# Problem
Copy every record verbatim. Leave the pictures out.

[Source data]
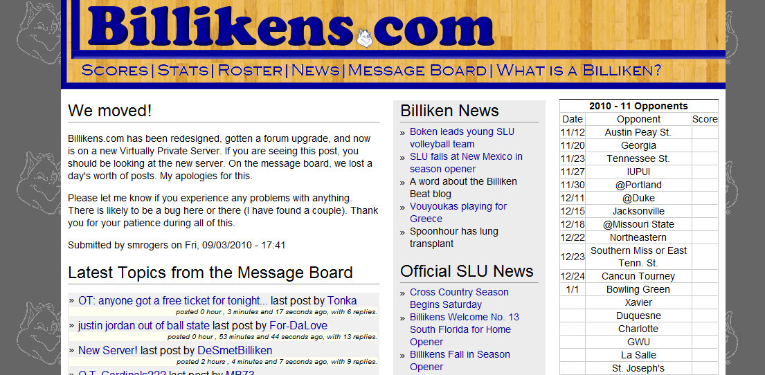 This past season, the message board became more popular. GoDaddy puts a limit of 200 on how many concurrent connections you can have to the MySQL server. This got exceeded pretty much every game from February on. With the Rick Majerus era, the site gets more traffic. It still has the old boys club, but there is some fresh blood. To put it in perspective. In August 2010, Billikens.com got as much traffic as it did in November 2008 (meaning a month before school starts got as much traffic as the first month of a season).
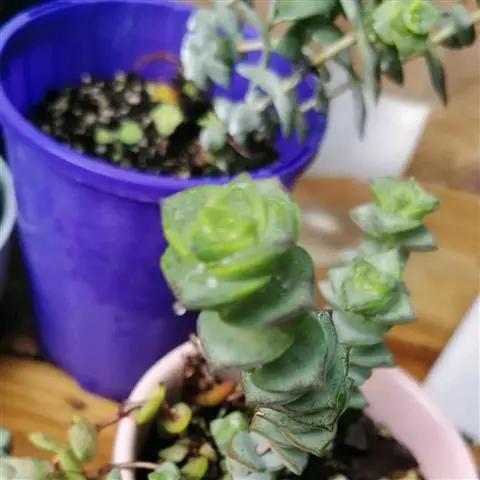 红稚儿Crassula pubescens subsp. radicans Toelken为景天科、青锁龙属多肉植物。植株丛生,有细小的分枝,茎肉质,时间养久了茎会逐渐半木质化,红稚儿叶片有点薄,叶片颜色绿。颜色反差巨大,平时为绿色,日照充足的春秋季节,变为火红色。野外分布于南非东开普省布什维德谷。喜温暖干燥和阳光充足的环境,怕低温和霜雪,耐半阴。叶形叶色较美,有一定的观赏价值;盆栽可放置于电视、电脑旁,可吸收辐射,亦可栽植于室内以吸收甲醛等物质,净化空气。
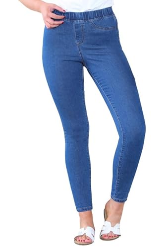 Roman Originals Knee Length Jeggings for Women Ladies Stretch Denim Shorts Jeans Cropped Trouser Capri Pants Summer Cotton Legging Pedal Pusher Legged Crop Spring Cutoff Work - Denim - Size 18
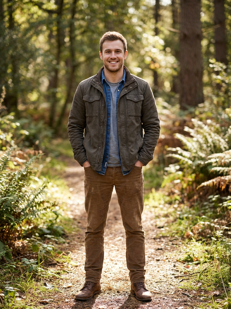 model with genuine warm smile, casual authentic outfit, natural outdoor setting, approachable friendly vibe
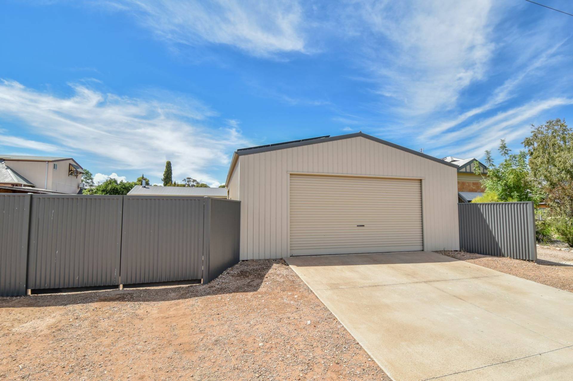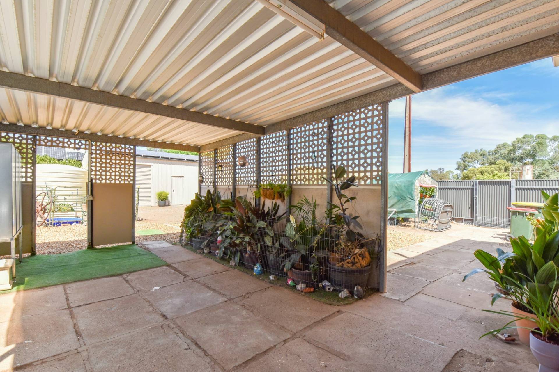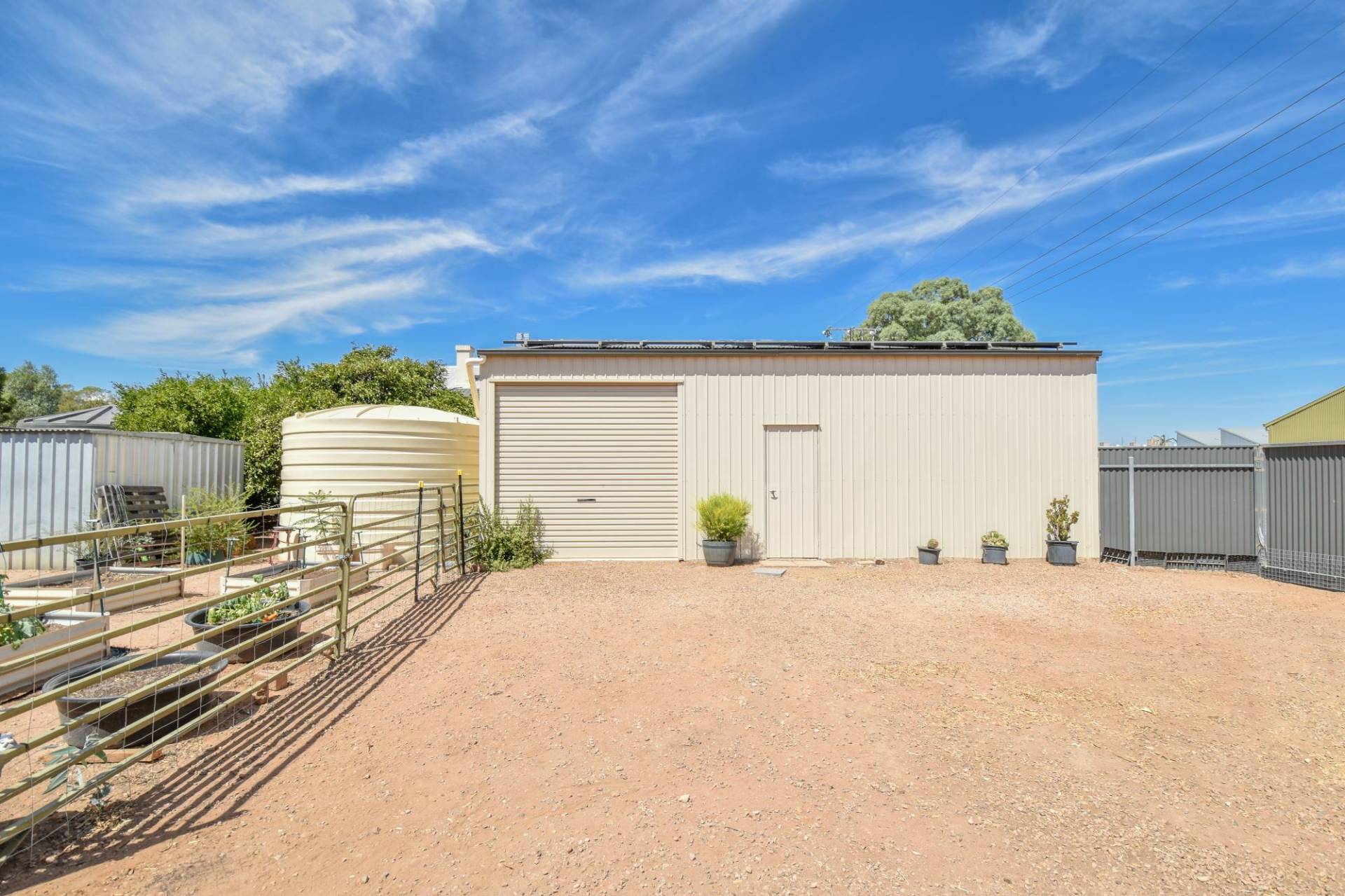 Outside, a substantial Colorbond shed with a concrete floor, lights, power, and roller doors provides ample storage and workspace.
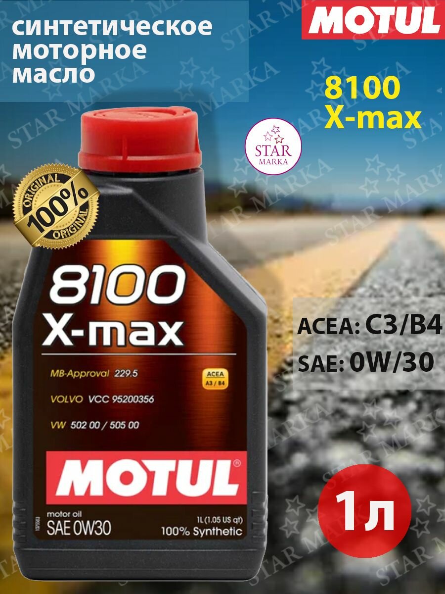 MOTUL 106571 MOTUL 0W30 (5L) 8100 X-MAX масло моторное\асеа А3/В4 АPI SL MB-Approval 229.5 VW 502 00/505 00
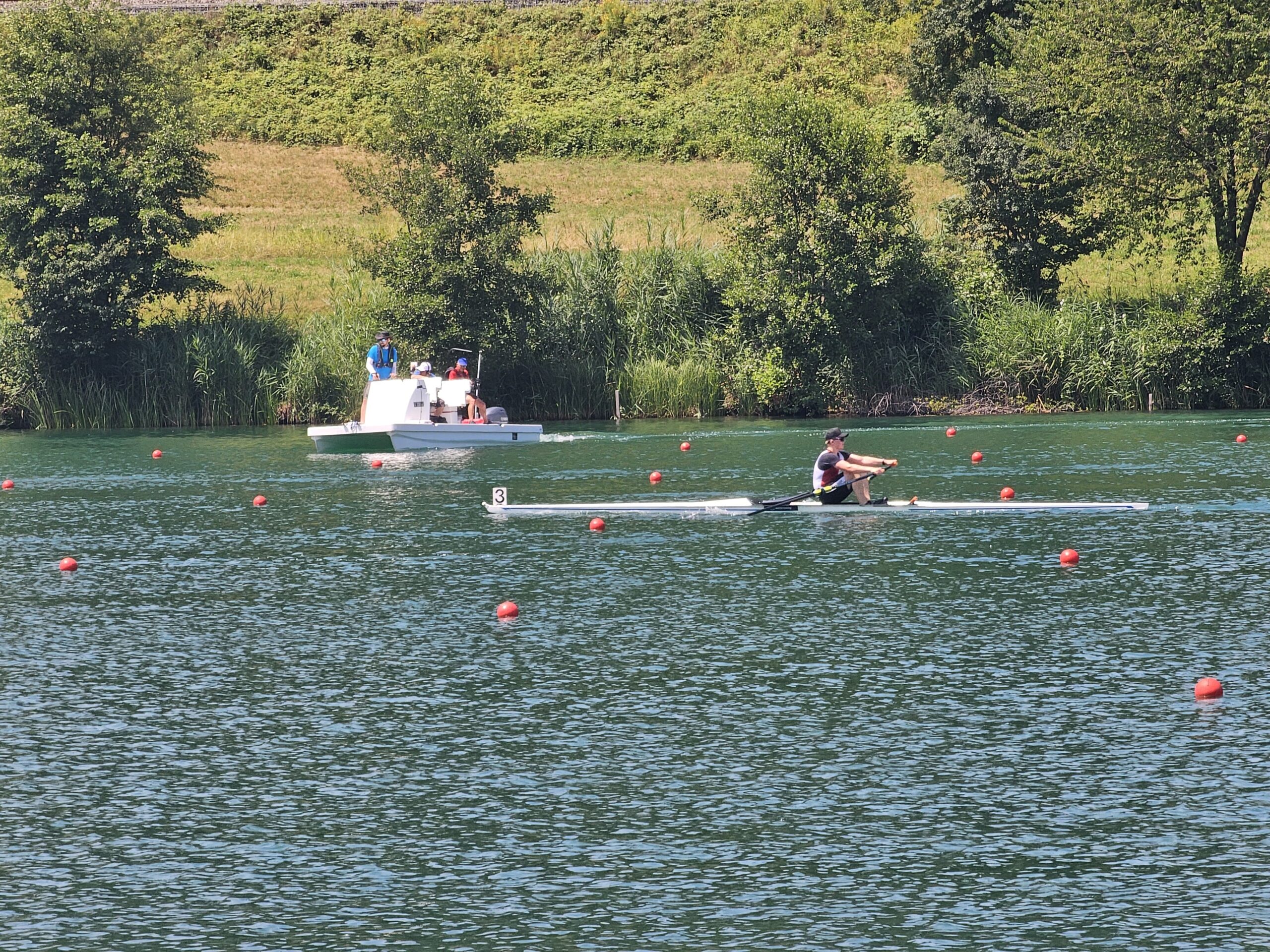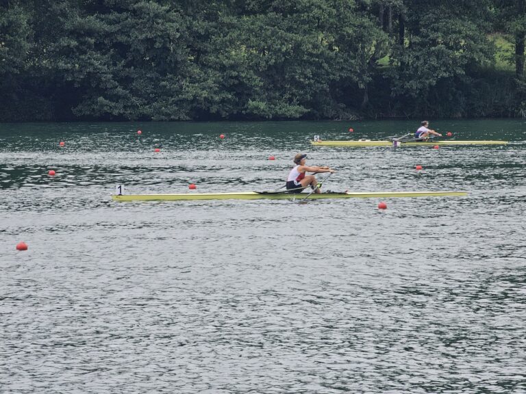 Im U19 Skiff war Levin L. in einem hochklassig besetzten Vorlauf am Start. Nur die ersten vier kamen weiter. Levin zeigte ein mutiges Rennen und lag zur Rennhälfte auf dem aussichtsreichen 4. Rang. Auf den zweiten 1000 Metern konnte er das Tempo nicht ganz halten und belegte am Ende Rang 5 – das bedeutete leider das Ausscheiden. Trotzdem ein mutiger Auftritt in einem sehr starken Feld.

# Answer for the task
 This past season, the message board became more popular. GoDaddy puts a limit of 200 on how many concurrent connections you can have to the MySQL server. This got exceeded pretty much every game from February on. With the Rick Majerus era, the site gets more traffic. It still has the old boys club, but there is some fresh blood. To put it in perspective. In August 2010, Billikens.com got as much traffic as it did in November 2008 (meaning a month before school starts got as much traffic as the first month of a season).
 红稚儿Crassula pubescens subsp. radicans Toelken为景天科、青锁龙属多肉植物。植株丛生,有细小的分枝,茎肉质,时间养久了茎会逐渐半木质化,红稚儿叶片有点薄,叶片颜色绿。颜色反差巨大,平时为绿色,日照充足的春秋季节,变为火红色。野外分布于南非东开普省布什维德谷。喜温暖干燥和阳光充足的环境,怕低温和霜雪,耐半阴。叶形叶色较美,有一定的观赏价值;盆栽可放置于电视、电脑旁,可吸收辐射,亦可栽植于室内以吸收甲醛等物质,净化空气。
 Roman Originals Knee Length Jeggings for Women Ladies Stretch Denim Shorts Jeans Cropped Trouser Capri Pants Summer Cotton Legging Pedal Pusher Legged Crop Spring Cutoff Work - Denim - Size 18
 model with genuine warm smile, casual authentic outfit, natural outdoor setting, approachable friendly vibe
 Outside, a substantial Colorbond shed with a concrete floor, lights, power, and roller doors provides ample storage and workspace.
 MOTUL 106571 MOTUL 0W30 (5L) 8100 X-MAX масло моторное\асеа А3/В4 АPI SL MB-Approval 229.5 VW 502 00/505 00
 Im U19 Skiff war Levin L. in einem hochklassig besetzten Vorlauf am Start. Nur die ersten vier kamen weiter. Levin zeigte ein mutiges Rennen und lag zur Rennhälfte auf dem aussichtsreichen 4. Rang. Auf den zweiten 1000 Metern konnte er das Tempo nicht ganz halten und belegte am Ende Rang 5 – das bedeutete leider das Ausscheiden. Trotzdem ein mutiger Auftritt in einem sehr starken Feld.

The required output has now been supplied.